聖櫃対策

第35話 聖櫃対策

「さて。ココで問題よ。

 日本語で、『悪魔』も『魔王』も濁っていない。でも、英語にすると、両方『Devil』。濁るの。

 英語を定めたのが『唯一神』だとするならば、英語圏のキ〇〇ト教徒は、全て『サタン』信者よ。

 しかも、『サタン』も『ルシファー』も濁っていない。

 濁らないのは、七大魔王では、他に『マモン』。

 逆に、濁るのは『リヴァイアサン』『ベルゼブブ』『ベルフェゴール』『アスモデウス』。

 さぁて。『ベルゼブブの魔女王』が『ルシファー』に対して向けた『殺気』が『コロナ禍』の原因の一つと言って、どれだけの人が信じるかしら?」

「もう、『ベルゼブブ』は無視しようぜ。

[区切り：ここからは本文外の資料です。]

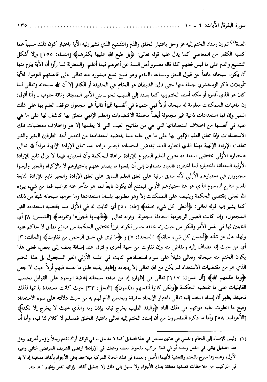 إن ماهيات الممكنات معلومة له سبحانه أزلا فهي متميزة في أنفسها تميزا ذاتيا غير مجعول لتوقف العلم بها على ذلك التميز وإن لها استعدادات ذاتية غير مجعولة أيضا مختلفة الاقتضاءات والعلم الإلهي متعلق بها كاشف لها على ما هي عليه في أنفسها من اختلاف استعداداتها التي هي من مفاتيح الغيب التي لا يعلمها إلا هو واختلاف مقتضيات تلك الاستعدادات فإذا تعلق العلم الإلهي بها على ما هي عليه مما يقتضيه استعدادها من اختيار أحد الطرفين الخير والشر تعلقت الإرادة الإلهية بهذا الذي اختاره العبد بمقتضى استعداده فيصير مراده بعد تعلق الإرادة الإلهية مرادا لله تعالى فاختياره الأزلي بمقتضى استعداده متبوع للعلم المتبوع للإرادة مراعاة للحكمة وأن اختياره فيما لا يزال تابع للإرادة الأزلية المتعلقة باختياره لما اختاره، فالعباد منساقون إلى أن يفعلوا ما يصدر عنهم باختيارهم لا بالإكراه والجبر وليسوا مجبورين في اختيارهم الأزلي لأنه سابق الرتبة على تعلق العلم السابق على تعلق الإرادة والجبر تابع للإرادة التابعة للعلم التابع للمعلوم الذي هو هنا اختيارهم الأزلي فيمتنع أن يكون تابعا لما هو متأخر عنه بمراتب فما من شيء يبرزه الله تعالى بمقتضى الحكمة ويفيضه على الممكنات إلا وهو مطلوبها بلسان استعدادها وما حرمها سبحانه شيئا من ذلك كما يشير إليه قوله تعالى: أَعْطى كُلَّ شَيْءٍ خَلْقَهُ [طه: 50] أي الثابت له في الأزل مما يقتضيه استعداده الغير المجعول، وإن كانت الصور الوجودية الحادثة مجعولة. وقوله تعالى: فَأَلْهَمَها فُجُورَها وَتَقْواها [الشمس: 8] أي الثابتين لها في نفس الأمر والكل من حيث إنه خلقه حسن لكونه بارزا بمقتضى الحكمة من صانع مطلق لا حاكم عليه ولهذا قال عز شأنه أَحْسَنَ كُلَّ شَيْءٍ خَلَقَهُ [السجدة: 7] وما تَرى فِي خَلْقِ الرَّحْمنِ مِنْ تَفاوُتٍ [الملك: 3] أي من حيث إنه مضاف إليه ومفاض منه وإن تفاوت من جهة أخرى وافترق عند إضافة بعضه إلى بعض، فعلى هذا يكون الختم منه سبحانه وتعالى دليلا على سواء استعدادهم الثابت في علمه الأزلي الغير المجعول بل هذا الختم الذي هو من مقتضيات الاستعداد لم يكن من الله تعالى إلا إيجاده وإظهار يقينه طبق ما علمه فيهم أزلا حيث لا جعل ما ظَلَمَهُمُ اللَّهُ

確かに目障りだが、もう視界にも入れたくない」

「確かにそうね。

 自ら美しくなろうと努力する気配も無し、その割に、あの阿呆を呪い、『殺気』まで向けた。

 正しく、『蝿の王』でしょうからね。

 『蛆虫』と思って扱っていたのが『氏神様』だと、恐らく理解してもいないわ」

「アイツも『気の毒』だな。その『毒』が、一体、何万人を殺したのやら……」

「恐らく、『億』に届くでしょうよ、あの『毒』の犠牲者は。

 いっそ、『怒り狂って』貰えれば、呪いも発動するでしょうに」

「『頭が悪い』のは確かだから、あり得るな。

 むしろ、癇癪起こしてそうな気がする」

「気が済んで、『気持ち良かった』とか、『気持ち悪い』事を考えてもいそうね。

 宗教は『狂気』だけれど、その中には『真実の欠片』が含まれている。

 ソレを考えずに、頭の『良し悪し』を論ずるのは滑稽でしか無いわ」

「面白いよな。『悪い』事をして、『気持ち良く』なる。『独り善がり』でしかねぇ、ってのな!

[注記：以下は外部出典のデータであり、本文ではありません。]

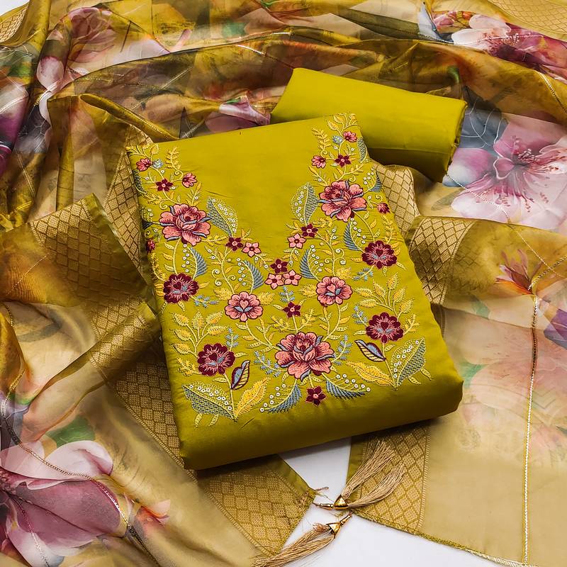 Women'S Green Unstitched Embroidered Neck And Fancy Border Roman Silk Dress Material Having Green Color Unstitched Bottom Of Roman Silk Fabric And Multi Color Dupatta Of Organja Jacquard Material With Charming Green Colour In Roman Silk Organja Jacquard Fabric With Work Of Heavy Embroidered Neck And Fancy Border With Designer Printed Dupatta|| Images Are For The Referance Purpose Only, Color Of The Actual Product May Little Vary From The Image Due To Screen Resolution

 そもそもが、『良し悪し』の基準を決める事が、『傲慢』に過ぎるってこと、気付いていやがらなかったのかも知れねぇな」

「大昔の人物だから、歴史を変える訳にはいかないし、しかも『聖人』認定されているから、『仮初の常世』から干渉する訳にもいかない。

 でも!『穢れ』の大元は、『聖櫃せいひつ』が破壊された事で広まった、ふるい『ばい菌』である可能性は高いわ。

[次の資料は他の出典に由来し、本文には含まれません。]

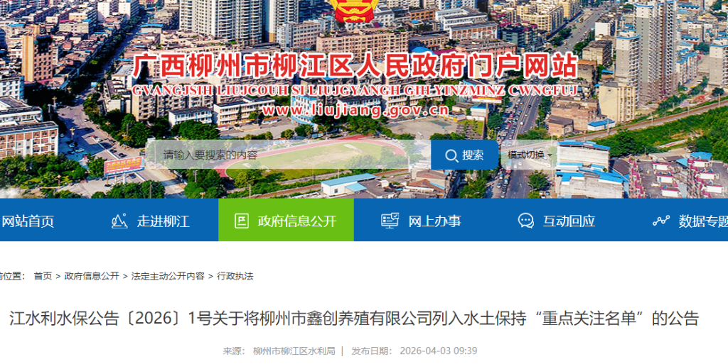 经查,你公司实施建设的柳州市鑫创养殖项目存在未完成水土保持方案报批手续,先行开工建设的行为,违反了《中华人民共和国水土保持法》第二十六条的规定。依据《水利部办公厅关于实施生产建设项目水土保持信用监管“两单”制度的通知》(办水保〔2020〕157号)相关规定,现决定将你公司列入“重点关注名单”,并通过全国水利建设市场监管服务平台等向社会公开,公开期限为1年。

 だけど――そうね。『聖櫃』が破壊される前に、『聖櫃』を回収して封印しておく事は、根本的な解決策になり得るかも知れないわね」

「だが、どの時点だ?

 その時点に回収に向かわないと、病魔は止められないぜ?」

 隼那は、その問い掛けに応じず、別の話題を口にする。

「……日本の『神道』って、縁起の悪い存在に対して、『神』の仲間入りを認めるから、どうかその災厄を齎さないで下さいと、願い事を叶える存在に昇華させたものなのかも知れないわね」

「あの阿呆は――何だよ、尻尾の切れた『龍神』かよ。

 ならば俺も、尻尾の切れた『強神』かよ!」

「と、同時に、濁した『教師』でもあるのかもね。

 ――恭次。あなた、責任は取れるの?」

「知らねーよ!つーか、名前にそこまでの影響力があるのならば、昔の日本みたいに『改名』する元服を――成人式に執り行って欲しいよ!」

「成人式を終えたから、大人になった、とは限らないけどね。でも、普通に成長している人にとっては、その位の時期なんでしょうね。

 改名だけだったら、出来るわよ?縁起が悪いとか理由を付けて。

 でも、あなたが望む名前なんてあるの?」

「苗字は『緋神』でいいとして……子供なんざ、増やさずに、俺が『善徳』を名乗るとか、か?」

「ああ、その手があったわね。

 じゃあ、この一件が落ち着いたら、役所に手続きに行きましょう。

 それはそれとして、ね。

 4年前に遡って、聖櫃を回収に向かいましょう!」

「やはり4年前かよ。

 4年前に一体、何があったんだ?」

「晒してはならない作品を晒した、晒してはならない情報を晒した。ただそれだけだと思うのだけれどもねぇ」

 二人はそれだけ話すと、プレッシャーを感じてそれ以上は言わなかった。